瞬間物質転送装置(テレポート・ゲート)・改を使って、鹿島大学病院の施設に侵入することが出来た。警備は薄い。ロックを外さないと部屋の中には入れない。わずか、五分でこれだけの事と情報を得たんだ。充分な成果だろう。欲張りすぎだ』

「……だけど」

『焦るな。まだ好機(チャンス)はある。じっくりと対策を練って、もう一度出直そう。五分が過ぎた。  タイムリミットだ、昌美。約束通り、もどってこい』

「――――」


 昌美は歯がみした。両手を強く握りしめ、身体を小刻みに震わせる。なにも出来なかった歯がゆさが頭の中でぐるぐると回っている。


 まだ足りない。もう少しこの施設を調べれば、何かしらの手がかりが得られるのではないか。そんな考えが頭に過ぎる。


 しかし、約束は約束だ。自分は五分で必ず戻る。その言葉に頷いたのだ。だとしたら、どんなに未練があるとしても、戻らないといけない。


「……わかり、ました……」


 かろうじて、了承の言葉を絞り出すと、その扉から目を背け、未練を断ち切るかのように走り出した。


『よし、それじゃあ、転送室へ戻ってくれ。戻り次第、転送出来るようにすでに準備してある。着いたら、服と装備品を茶巾袋に入れて転送機に置いてくれ。その後、昌美、お前をこちらへ引き戻す』

「了解です――――」


 そう言って、頷こうとした刹那、だった。


  ばしゅん、と。


 機械的な音が唐突に鳴り響いた。さほど大した音ではない。周囲が異様に静まり返っているので、たまたま昌美の鼓膜にも届いた。その程度の小さな小さな音、だった。

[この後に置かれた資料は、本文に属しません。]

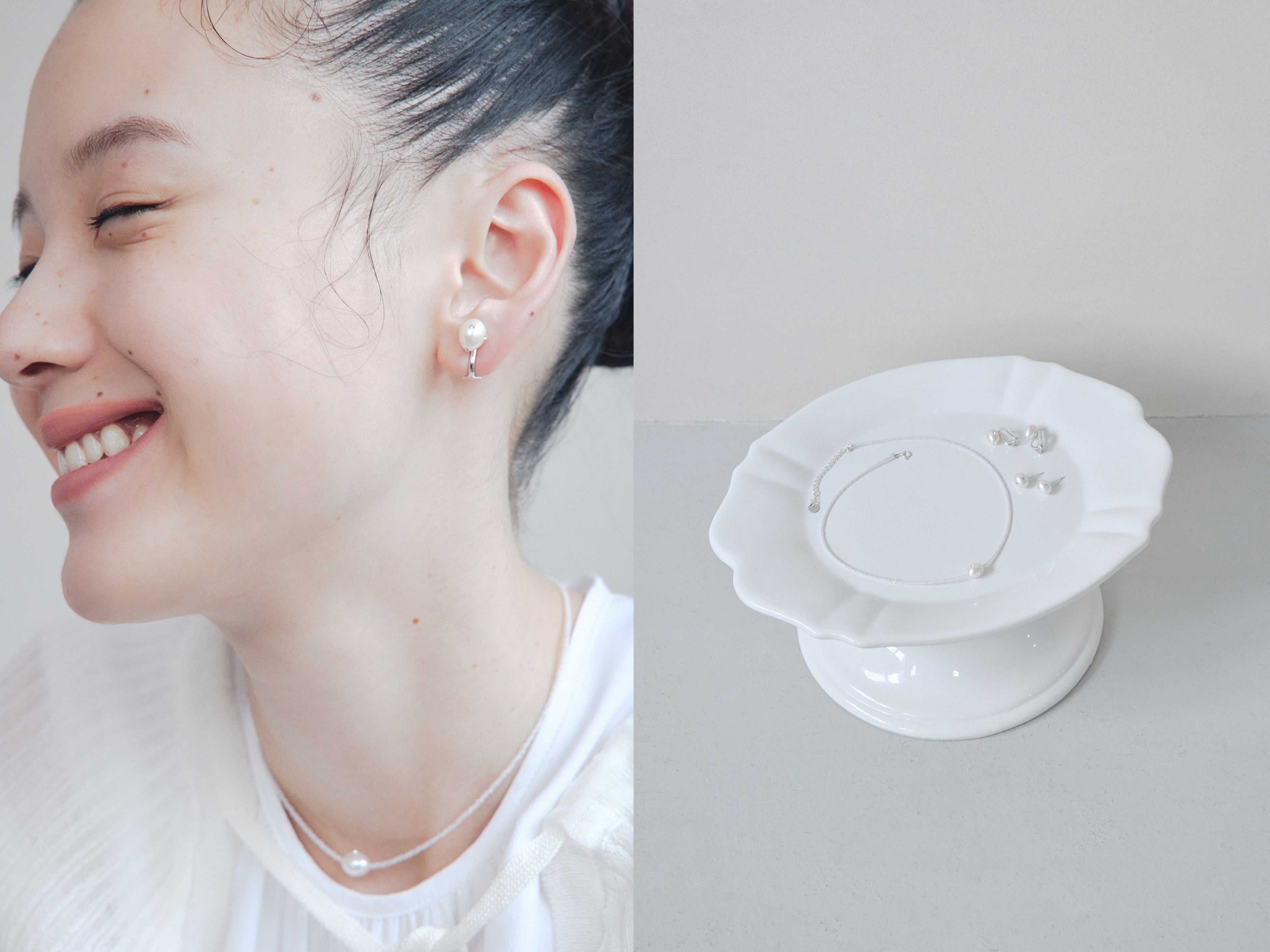 パールにガラスの輝きを散りばめたCuddleシリーズ。小さくささやかながらも、ときめきや大切な人を想うピュアな気持ちが詰まったようなキュートなアクセサリーです。こちらはセットでもご用意。大切な方へのギフトにぴったりのアイテムになっております。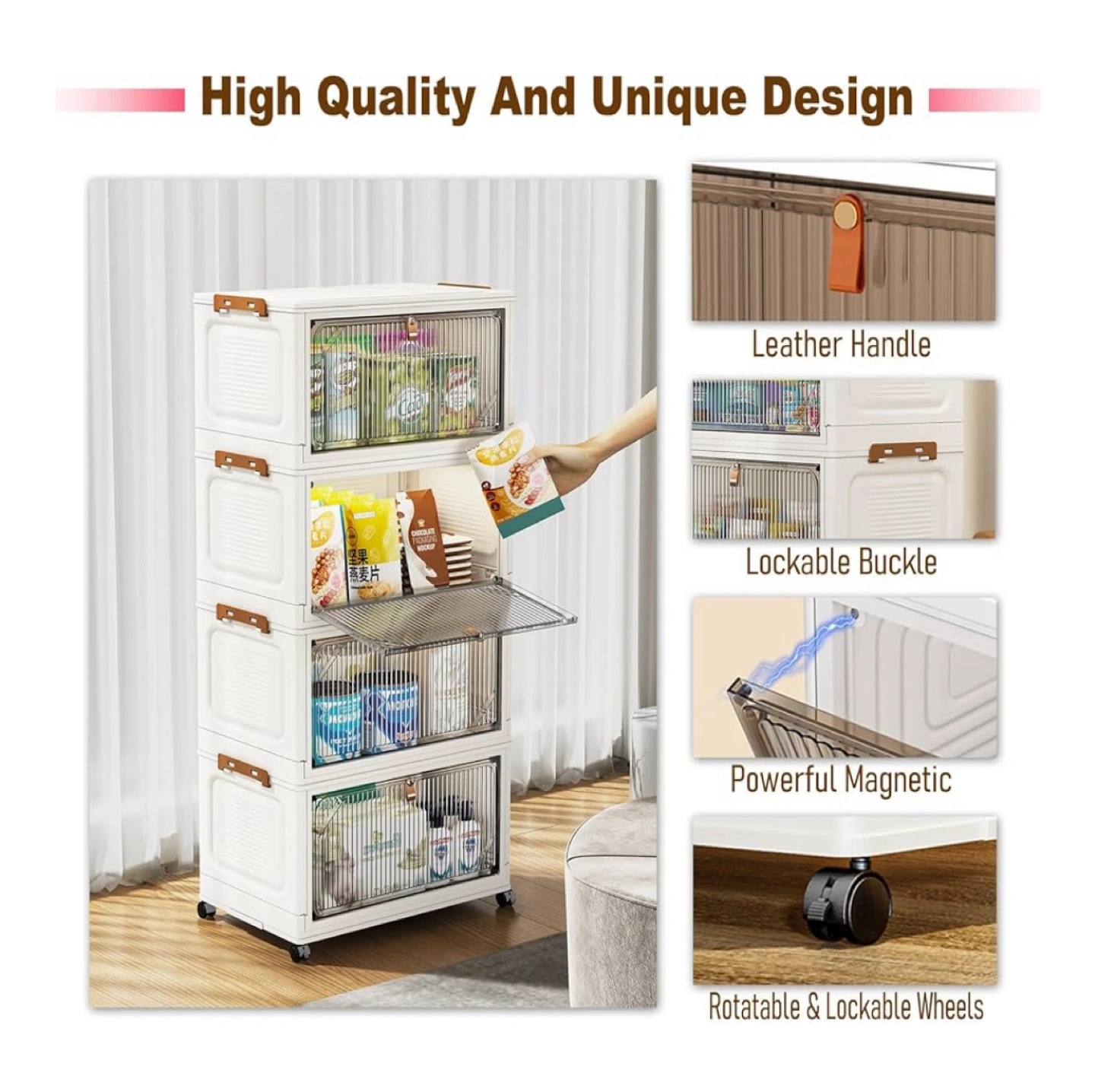 Declutter your space with this versatile stackable storage cabinet! It features a unique design with a leather handle and lockable buckle. The powerful magnetic closure keeps everything secure, and the rotatable & lockable wheels make it easy to move around. Perfect for any room in your home!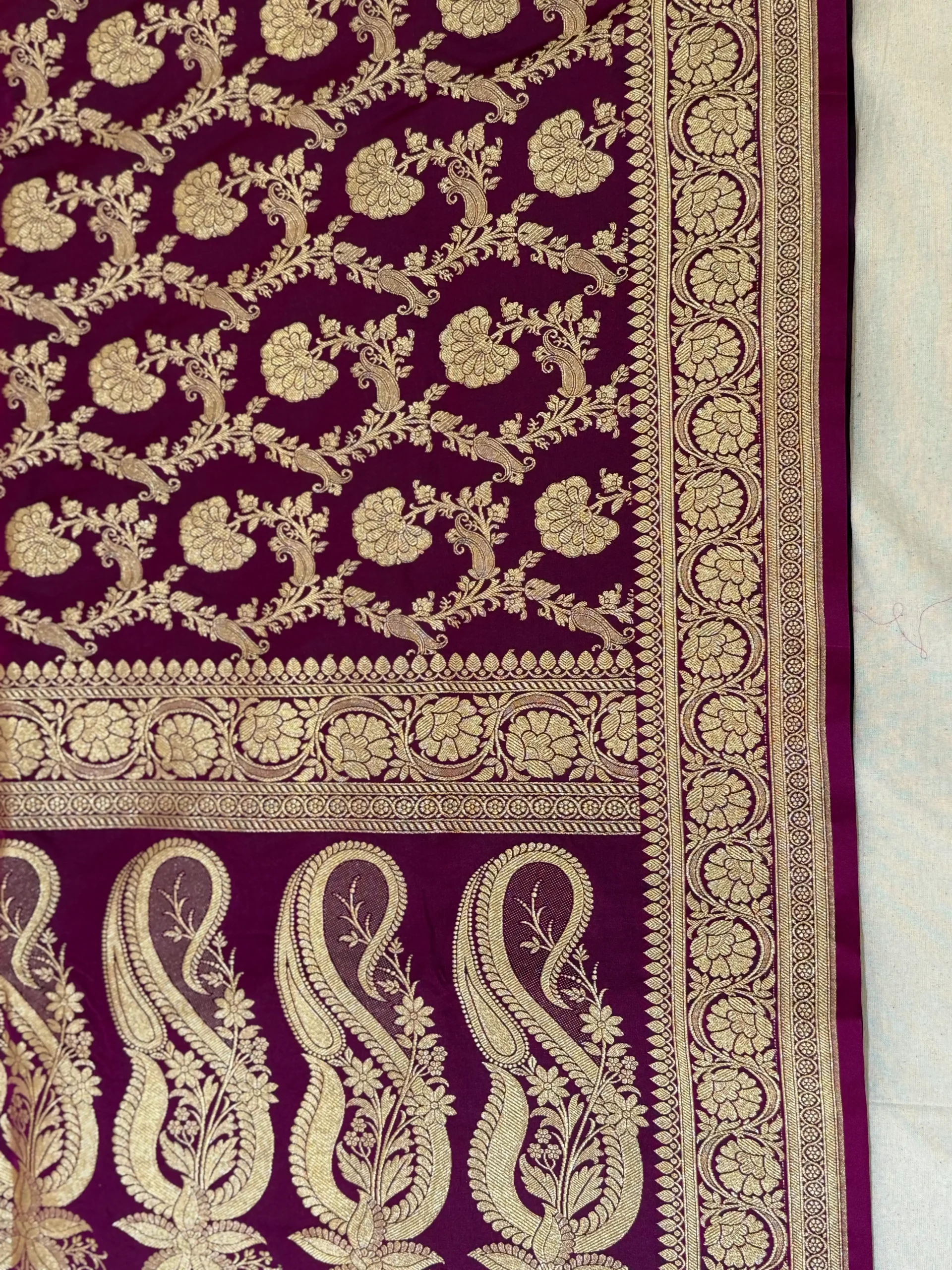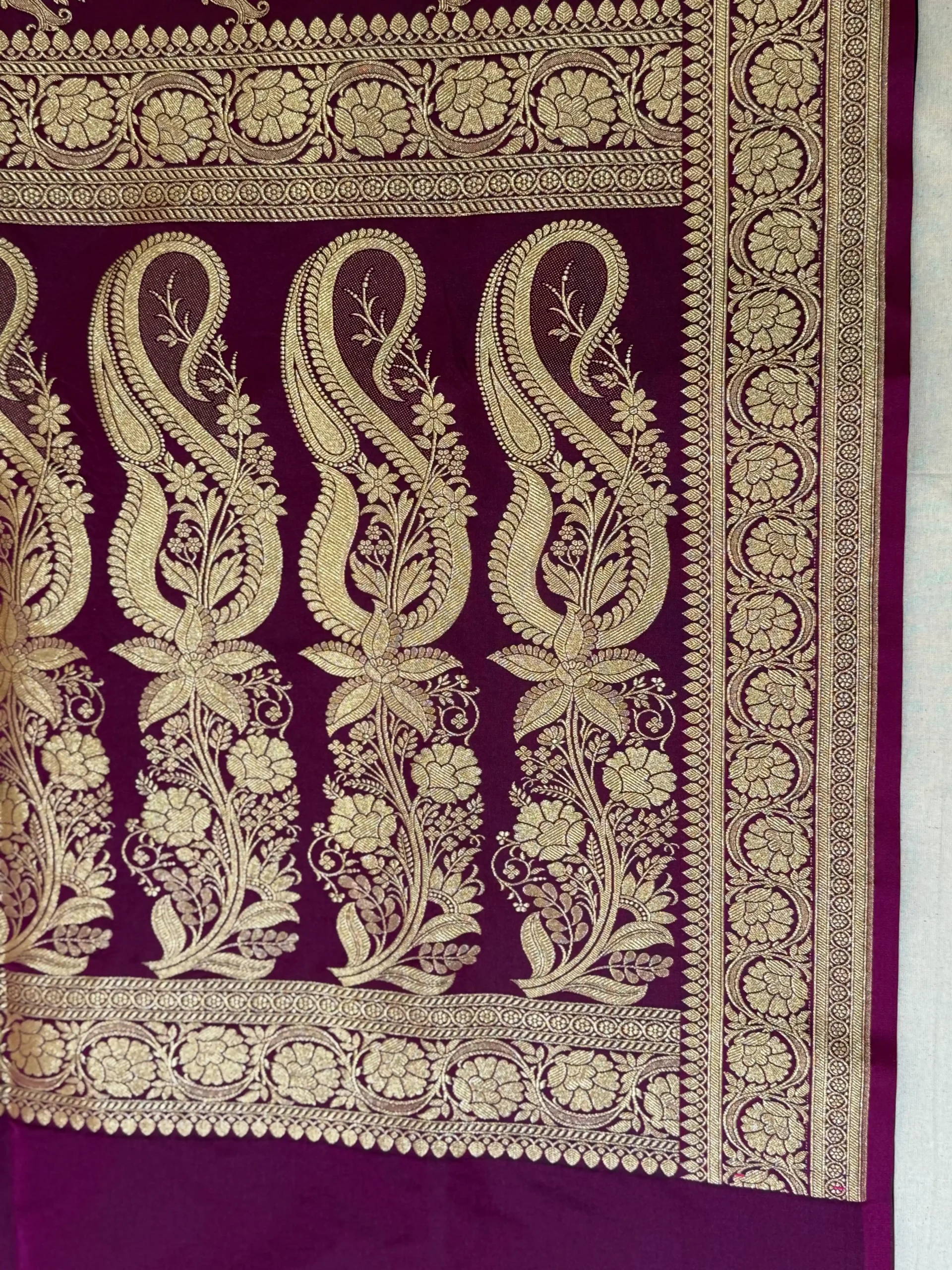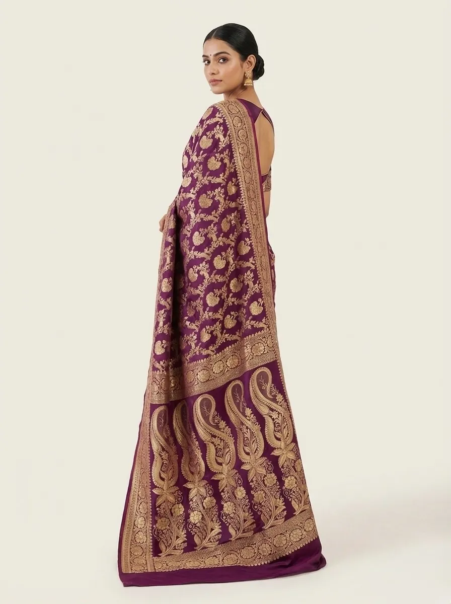 Plum Purple Banarasi Soft Silk Saree with Silver Gold Zari Floral Jaal from Golden Muslin By Naaritva Banaras

 だが、昌美が異変に気付くにはそれで充分だった。昌美は足を止め、ゆっくりと振り返った。その音がなんなのか。確かめるために。


「……え?」


 瞬間――――昌美は大きく目を見開き、唖然とした。


『昌美、どうした? はやく転送室へ――――っ!』


 石和の言葉が途中で途切れた。昌美の見た光景はすべて向こうに映像として転送されている。どうやら、石和も気付いたようだ。


 扉が――――開いている。カードと暗証番号を入れなければ動かない筈の扉が。今まで固く閉ざされていたはずの扉が。何故か、開いていた。昌美は息を飲んで、元来た廊下を引き返し、扉の前に駆け寄る。

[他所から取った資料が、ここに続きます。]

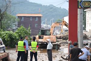 (250728) -- TIANJIN, 28 julio, 2025 (Xinhua) -- Trabajadores de emergencias laboran en la aldea de Xiaying del poblado de Xiaying, en el distrito de Jizhou, en Tianjin, en el norte de China, el 28 de julio de 2025. Casas, puentes y líneas eléctricas en algunas aldeas del distrito de Jizhou fueron dañados por las inundaciones provocadas por las fuertes lluvias recientes y la escorrentía río arriba. Las operaciones de emergencia locales, que incluyen búsqueda y rescate, traslado de evacuados y socorro, se llevan a cabo de forma ordenada. (Xinhua/Li Ran) (rtg) (ah) (vf)
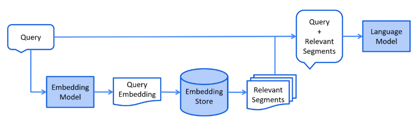 此过程可能因所使用的信息检索方法而异。对于向量搜索,这通常涉及嵌入用户的查询(question)以及在嵌入存储中执行相似性搜索。 然后将相关句段(原始文档的片段)注入到提示中并发送到LLM。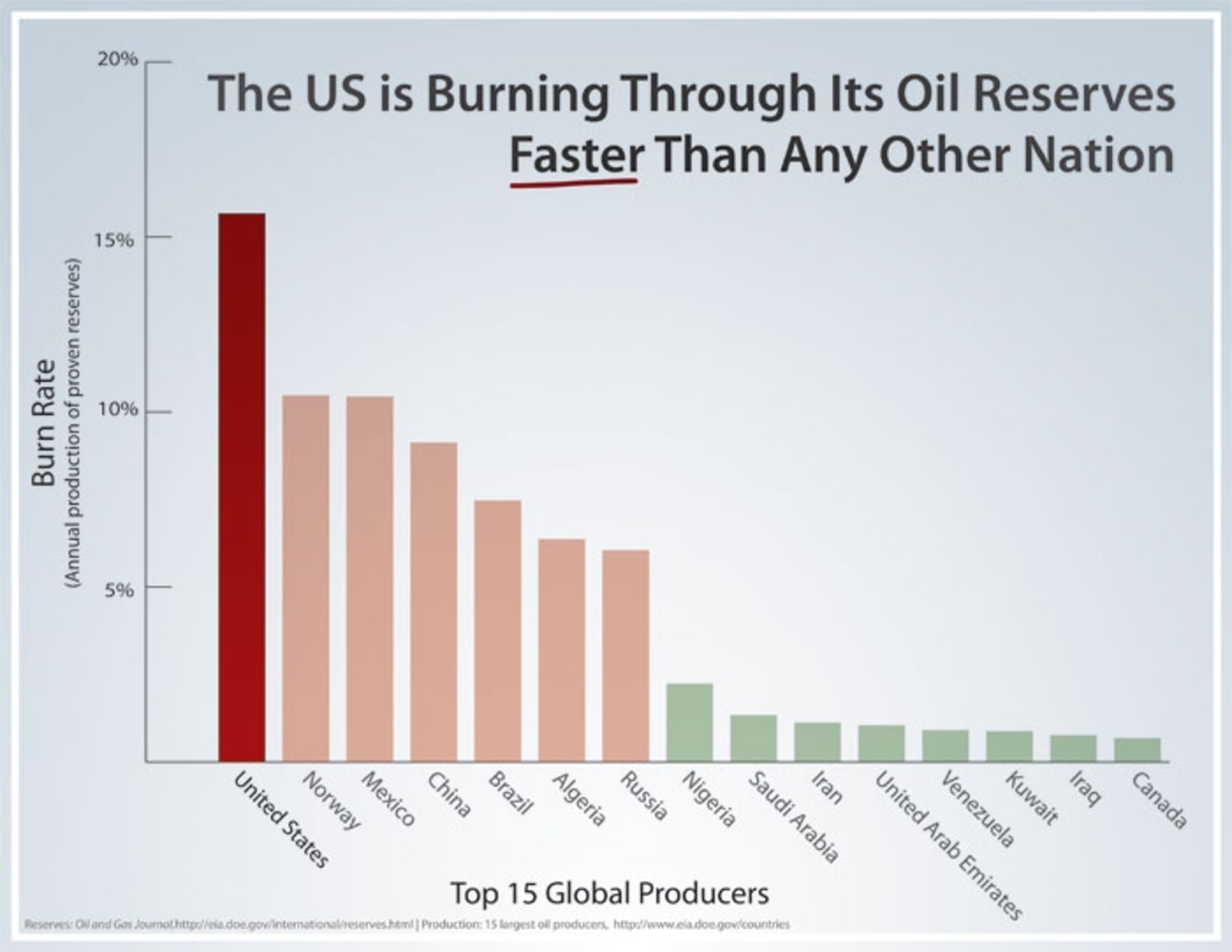 Increasing supply in the short run hurts us in the long run: Our meager 2% of global oil reserves is unlikely to grow significantly over the long run, so every barrel we take out now is one less that we can take out in the future. In a House Energy and Commerce Committee hearing last week, Congressman Ed Markey put up the following chart showing that the U.S. is drawing down its reserves faster than any other major oil producing country:

 見間違いではない。先程まで灯っていた赤いランプが消え、グリーン色の『OPEN』の字が淡く点灯している。扉は横にスライドしたままで、再び閉まる様子はない。


 ドアの中を覗き込むと、真っ暗だった。廊下から入る光でかろうじて奥が見える。部屋ではない。階段だった。それも相当長そうな地下への階段。


「この中に……トキくん、が……」


 昌美は夢見心地な表情で、ふらり、と中へ入ろうとする。


『駄目だ!』


 その刹那、石和の制止の声が昌美の鼓膜に大きく響き渡り、びくん、と身体を震わせた。


『中にはいるな。すぐに戻ってくるんだ! 急げ!』


 怒鳴り声に近い石和の声。昌美は俯きながら、その言葉に抵抗を覚えた。


「でも……少しくらい中を確認してからでも――――」

『馬鹿か、お前は! よく考えるんだ。扉が都合良く独りでに開いたとでも思っているのか? この施設内に誰かがいるんだ! そして、俺たちの行動を把握している! 扉を開いて、俺たちを挑発しているんだ。いいから早く戻れ! 転送室を占拠されたら、お前は戻れなくなってしまう』

「…………」


 分かっている。そんなことは言われなくても。だが、目の前に手がかりになりそうなものがあるのだ。それを目の当たりにして、どうして中を確認せずに戻ることができようか。


『ぜったいに無茶はしない。感情を先行させて行動しない。手がかりがあっても、なくても五分で必ず戻る。それが約束の筈だ。目先の誘惑に囚われるな! 取り返しの付かないことになるぞ!』

「…………」


 石和の言うことは正しい。これは目の前に垂らされた餌だ。あまりにも露骨過ぎる。不自然すぎる。この中へ入れば、なにがあるかも分からない。


 だが、理屈でそうと分かっていても、あらがえぬ誘惑がある。この中に篠塚がいるかもしれない。いなかったとしても手がかりがあるかもしれない。


 そう思うと、何もかもがどうでも良くなってくる。昌美は石和の制止を振り切って、中に入り、そして駆けだした。


『駄目だ、昌美やめ――――』

「ごめん……なさい」


 昌美は心の底から石和に詫びながら、インカムの電源を切った。無謀なことは分かっている。だが、もう自分の想いを止められそうもない。昌美は地下へ続く階段を降り始めた。